Task objective: Please set down exactly the lines of the listing below from the line containing "허리디스크와 다리저림 관리에는" through the line containing "12 Michael Duberry, 13 Kevin Hitchcock |", both lines included, leaving out all other lines.

Records supplied:

Content starts

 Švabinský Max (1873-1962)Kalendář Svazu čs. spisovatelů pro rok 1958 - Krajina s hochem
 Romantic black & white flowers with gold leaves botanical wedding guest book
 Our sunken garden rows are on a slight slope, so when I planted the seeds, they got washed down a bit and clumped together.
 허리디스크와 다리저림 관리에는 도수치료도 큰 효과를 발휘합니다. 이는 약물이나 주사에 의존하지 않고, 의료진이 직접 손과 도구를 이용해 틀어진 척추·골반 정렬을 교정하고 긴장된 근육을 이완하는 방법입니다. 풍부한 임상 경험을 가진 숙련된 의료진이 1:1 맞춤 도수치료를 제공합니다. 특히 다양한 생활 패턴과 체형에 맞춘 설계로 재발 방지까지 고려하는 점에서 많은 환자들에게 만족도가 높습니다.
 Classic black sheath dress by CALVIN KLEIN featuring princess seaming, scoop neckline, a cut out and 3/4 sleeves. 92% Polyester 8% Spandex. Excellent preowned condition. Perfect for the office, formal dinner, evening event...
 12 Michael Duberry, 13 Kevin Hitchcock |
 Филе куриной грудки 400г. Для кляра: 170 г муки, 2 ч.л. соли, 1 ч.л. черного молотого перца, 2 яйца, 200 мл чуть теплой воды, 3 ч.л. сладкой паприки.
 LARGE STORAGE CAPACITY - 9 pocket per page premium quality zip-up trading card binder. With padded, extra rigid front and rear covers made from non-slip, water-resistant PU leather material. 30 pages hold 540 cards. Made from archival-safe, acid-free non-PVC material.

Content ends
Content starts

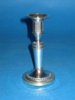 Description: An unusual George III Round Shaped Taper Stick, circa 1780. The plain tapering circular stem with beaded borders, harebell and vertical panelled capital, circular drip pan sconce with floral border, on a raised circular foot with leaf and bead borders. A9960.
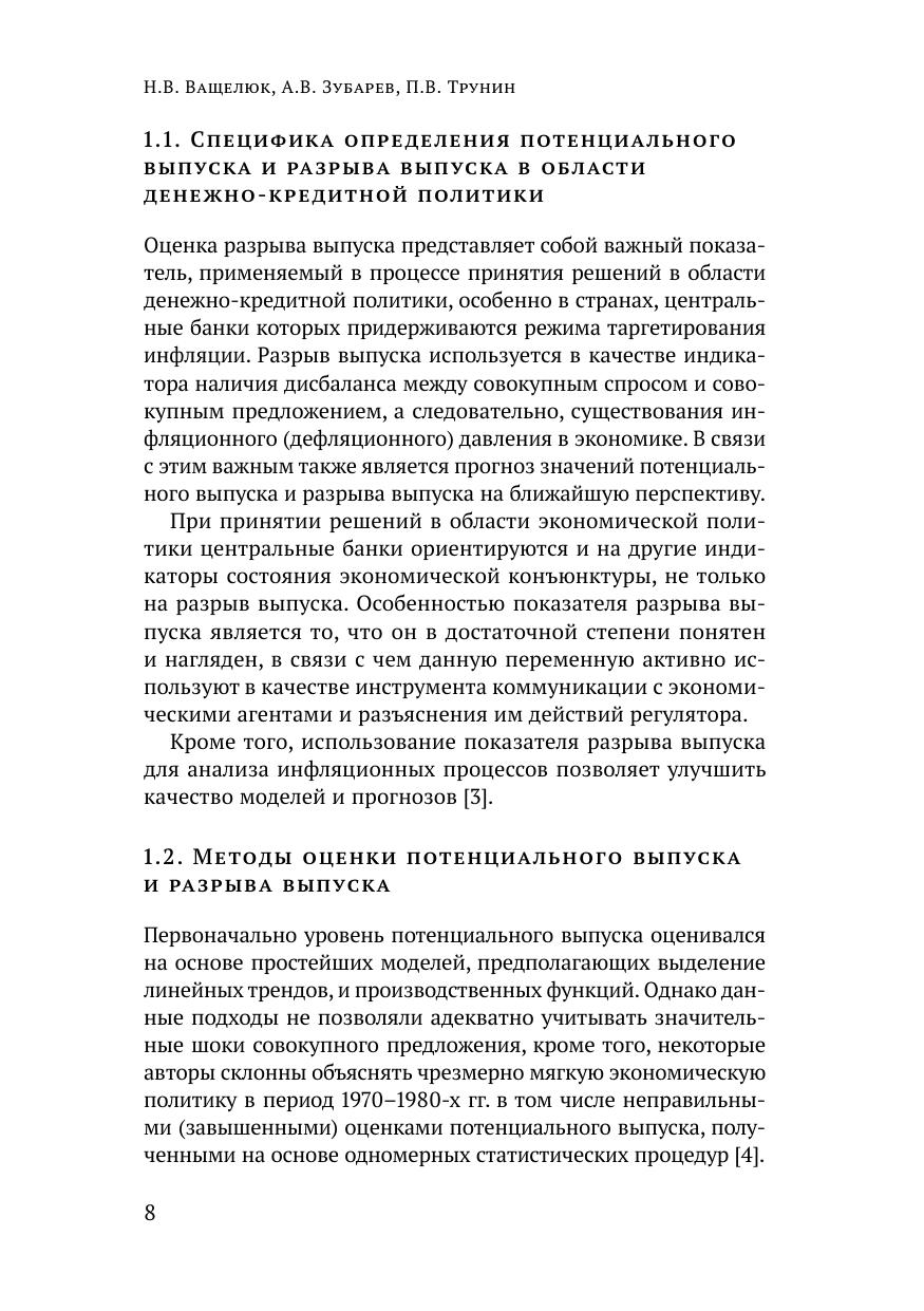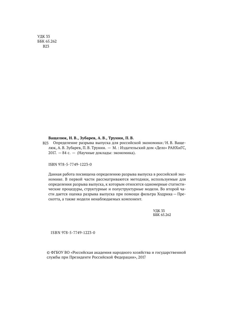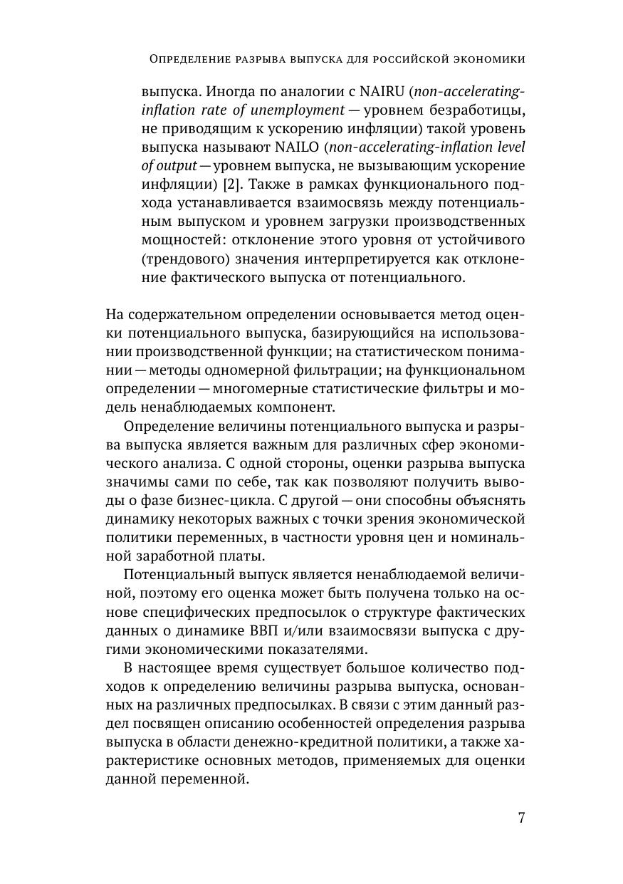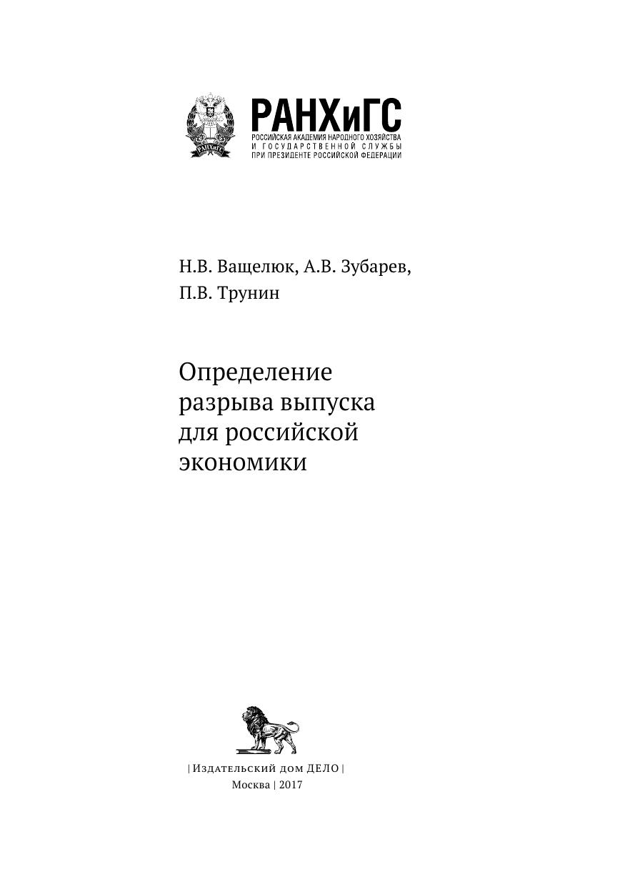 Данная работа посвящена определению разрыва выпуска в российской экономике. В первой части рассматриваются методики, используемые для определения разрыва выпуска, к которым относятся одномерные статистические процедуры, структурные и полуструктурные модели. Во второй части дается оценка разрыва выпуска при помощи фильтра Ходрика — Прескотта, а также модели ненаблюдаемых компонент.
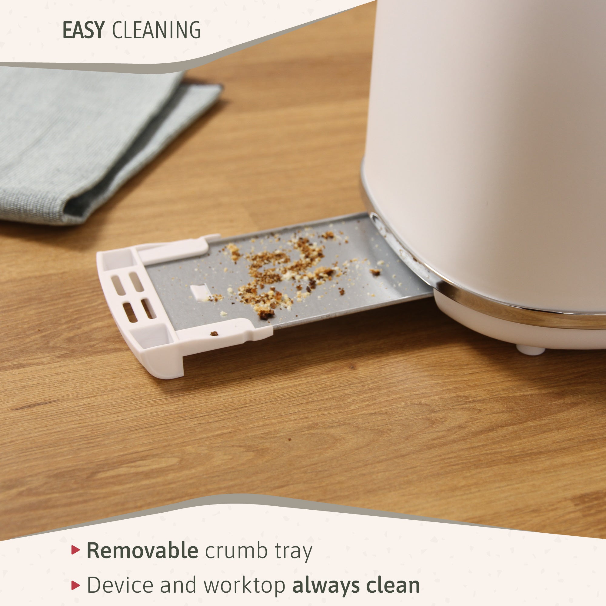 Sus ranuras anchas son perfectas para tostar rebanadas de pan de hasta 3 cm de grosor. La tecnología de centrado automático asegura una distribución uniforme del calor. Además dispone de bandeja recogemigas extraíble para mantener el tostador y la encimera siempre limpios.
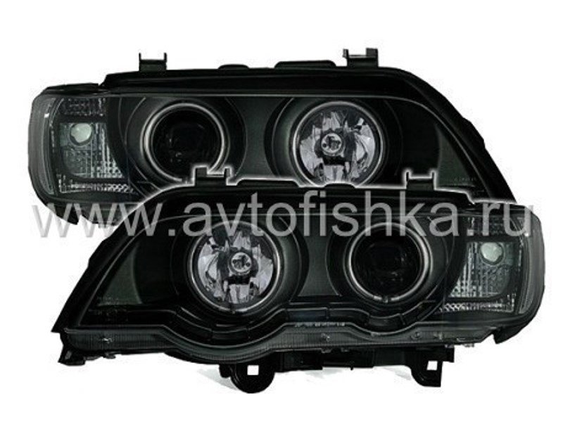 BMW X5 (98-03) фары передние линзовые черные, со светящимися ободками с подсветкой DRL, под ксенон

Content ends

Response area:
 허리디스크와 다리저림 관리에는 도수치료도 큰 효과를 발휘합니다. 이는 약물이나 주사에 의존하지 않고, 의료진이 직접 손과 도구를 이용해 틀어진 척추·골반 정렬을 교정하고 긴장된 근육을 이완하는 방법입니다. 풍부한 임상 경험을 가진 숙련된 의료진이 1:1 맞춤 도수치료를 제공합니다. 특히 다양한 생활 패턴과 체형에 맞춘 설계로 재발 방지까지 고려하는 점에서 많은 환자들에게 만족도가 높습니다.
 Classic black sheath dress by CALVIN KLEIN featuring princess seaming, scoop neckline, a cut out and 3/4 sleeves. 92% Polyester 8% Spandex. Excellent preowned condition. Perfect for the office, formal dinner, evening event...
 12 Michael Duberry, 13 Kevin Hitchcock |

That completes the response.